▶ _TASK INSTRUCTIONS_:
From the line that contains "各教学点结合自身优势,精心设" down to the last line of the entries, repeat every line exactly. Do not carry over the pictures.

▶ _SUPPLIED DATA_:

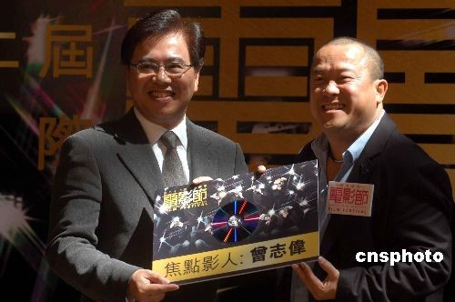 二月二十一日,香港国际电影节协会主席王英伟(左)在记者会上向曾志伟颁奖。由香港国际电影节协会主办的第三十二届香港国际电影节,将于三月十七日至四月六日举行。中新社发 谭达明 摄
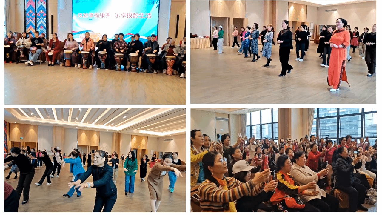 各教学点结合自身优势,精心设计贴合老年学员需求的特色课程。课程兼顾实用性与趣味性,让学员在沉浸式体验中学习技能、收获快乐。在手机摄影公益课上,课堂内座无虚席,社区居民早早到场、热情参与,带着对智能科技的好奇与对摄影技巧的渴望,沉浸式开启科技学习之旅。在舞蹈公益课上,专业老师伴着舒缓的音乐,逐一分解决动作要领,学员们跟着节奏舒展身姿。在非洲鼓公益课上,学员们跟着老师的节奏整齐敲击,脸上洋溢着欢快的笑容。在旗袍走秀公益课上,学员们在老师的指导下练习站姿、走姿,举手投足间尽显端庄韵味。在形体公益课上,学员们跟着老师的指令,缓缓伸展手臂、活动腰腹,动作柔和而有力。
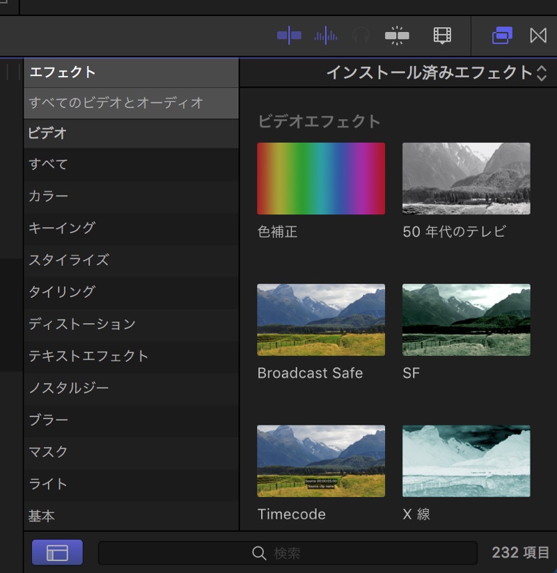 エフェクトは、エフェクトブラウザの中に多数用意されています。
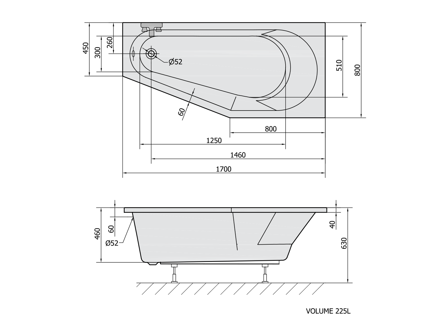 Polysan Naos 170x100 cm aszimmetrikus kád, jobbos 99111
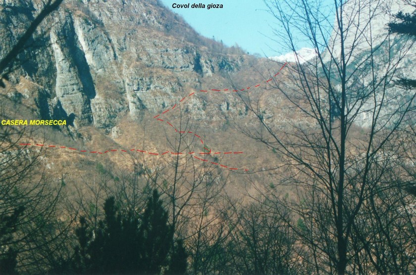 Il sentiero originale (franato) percorreva quella sotto, ma e'
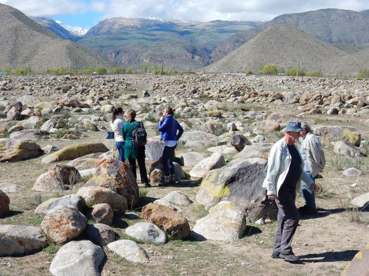 Site of Saka-Usun (Sythian) ceremonies 2000 years ago in glacial boulder, Cholpon-Ata, Kyrgyz Republic

▶ _RESULT_:
 各教学点结合自身优势,精心设计贴合老年学员需求的特色课程。课程兼顾实用性与趣味性,让学员在沉浸式体验中学习技能、收获快乐。在手机摄影公益课上,课堂内座无虚席,社区居民早早到场、热情参与,带着对智能科技的好奇与对摄影技巧的渴望,沉浸式开启科技学习之旅。在舞蹈公益课上,专业老师伴着舒缓的音乐,逐一分解决动作要领,学员们跟着节奏舒展身姿。在非洲鼓公益课上,学员们跟着老师的节奏整齐敲击,脸上洋溢着欢快的笑容。在旗袍走秀公益课上,学员们在老师的指导下练习站姿、走姿,举手投足间尽显端庄韵味。在形体公益课上,学员们跟着老师的指令,缓缓伸展手臂、活动腰腹,动作柔和而有力。
 エフェクトは、エフェクトブラウザの中に多数用意されています。
 Polysan Naos 170x100 cm aszimmetrikus kád, jobbos 99111
 Il sentiero originale (franato) percorreva quella sotto, ma e'
 Site of Saka-Usun (Sythian) ceremonies 2000 years ago in glacial boulder, Cholpon-Ata, Kyrgyz Republic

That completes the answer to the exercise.